R Statistics Blog

Data Science From R Programmers Point Of View

Hypothesis Testing

Hypothesis testing uses concepts from statistics to determine the probability that a given assumption is true. In this chapter, you will learn about several types of statistical test, their practical applications, and how to interpret the results of hypothesis testing.

Throuh hypothesis testing one can make inference about the population parameters by analysing the difference between the observed results, the sample statistics, and the results otherwise one would expect if an underlying hypothesis is actually true.

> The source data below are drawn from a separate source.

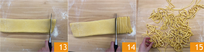 Cut the tonnarelli by slicing the roll from the narrow side with a sharp knife 13 to a thickness of about 1/16 to 1/8 inch 14. Once ready, place the prepared tonnarelli well spread out 15 on a tray lined with a dry kitchen towel and sprinkled with semolina.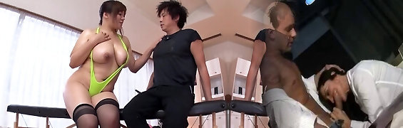 Busty brunette babe Anri Okita gets spoke into poking with a friend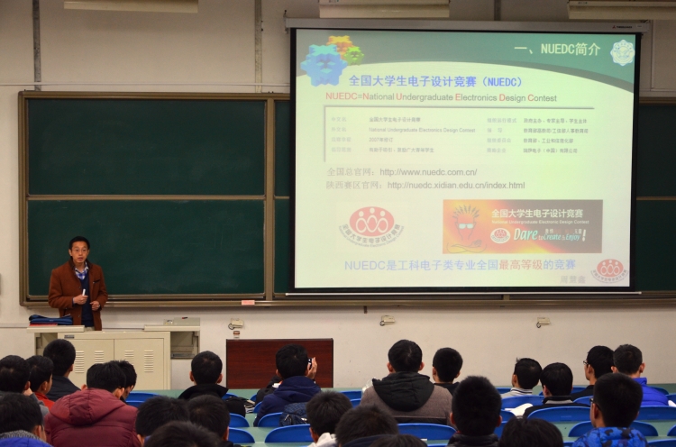 7点整,讲座正式开始。周慧鑫教授首先用风趣幽默而又生动严谨的语言介绍了电赛的组织运行模式和分赛区和全国两级评审方式。他指出,全国老员工电子设计竞赛是以“政府主办、专家主导、员工主体、社会参与”十六字方针为指导的学科竞赛,每支参赛队由三名在校本、专科员工组成。另外,这一届NUEDC在8月中旬开始举办,赛期四天三夜。采用全国统一命题、分赛区组织,“半封闭、相对集中”的组织方式进行。需要同学们提前准备,尽早设计。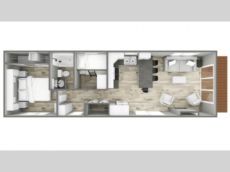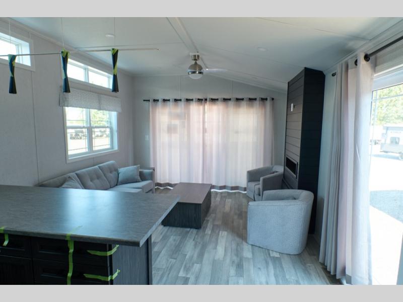 The General Coach Resort Series is a collection of park model homes designed for comfortable, luxurious, and spacious seasonal living. These models blend classic park model construction with modern elegance, premium finishes, and all the comforts of home. They offer a range of single and double-wide floor plans, and are known for their thoughtful design, functionality, and ability to create a luxurious retreat.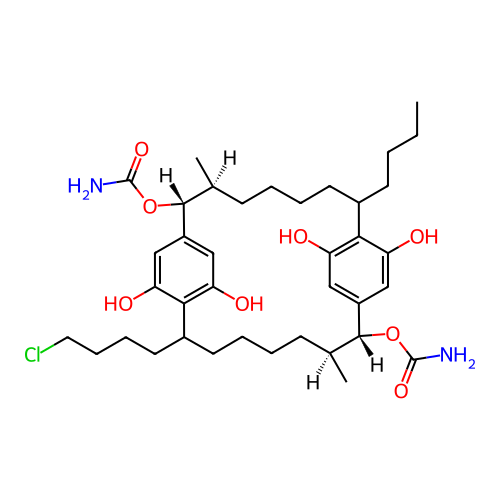 | SMILES | CCCCC1CCCC[C@@H]([C@H](C2=CC(=C(C(CCCC[C@@H]([C@H](C3=CC(=C1C(=C3)O)O)OC(=O)N)C)CCCCCl)C(=C2)O)O)OC(=O)N)C |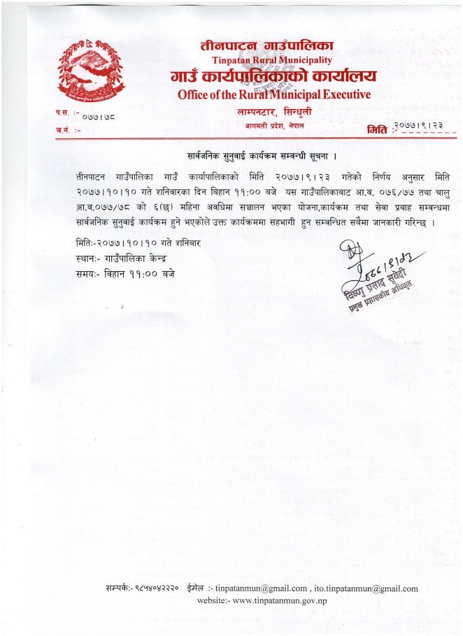 सार्वजनिक सुनुवाई सम्वन्धमा ।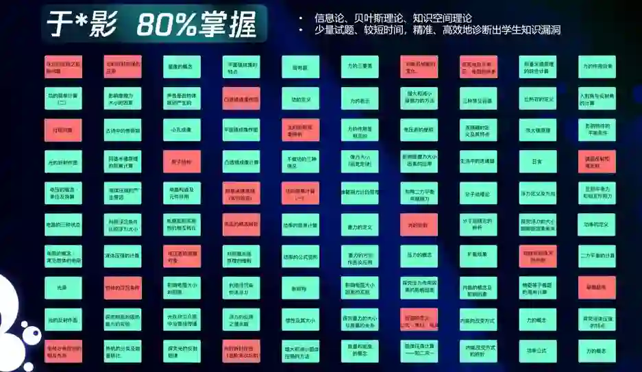 比如过去的一些历史和记录我们能够利用过来,给学生评测此刻的学习状态。每一个知识点上我们都能够评测出学生的学习状态。

Typically hypothesis testing starts with an assumption, or an assertion about a population parameter. For example, you may be intereted in validating the claim of philips that the average life of there bulb 10 years.

Things You Will Master

  1. Applications of hypothesis testing
  2. Perform One-Sample t-test
  3. Perform two-Sample t-test
  4. Perform Paired t-test
  5. Perform ANOVA test
  6. Perform Chi-Square test
  7. Wilcoxon Signed Rank Test
  8. Shapiro Test
  9. Kolmogorov And Smirnov Test

Applications of hypothesis testing

  1. When you want to compare the sample mean with the population mean. For example - You would like to determine if the average life of a bulb from brand X is actually 10 years or not. In this case, when you want to check if the sample mean represents the population mean then you should run One Sample t-test.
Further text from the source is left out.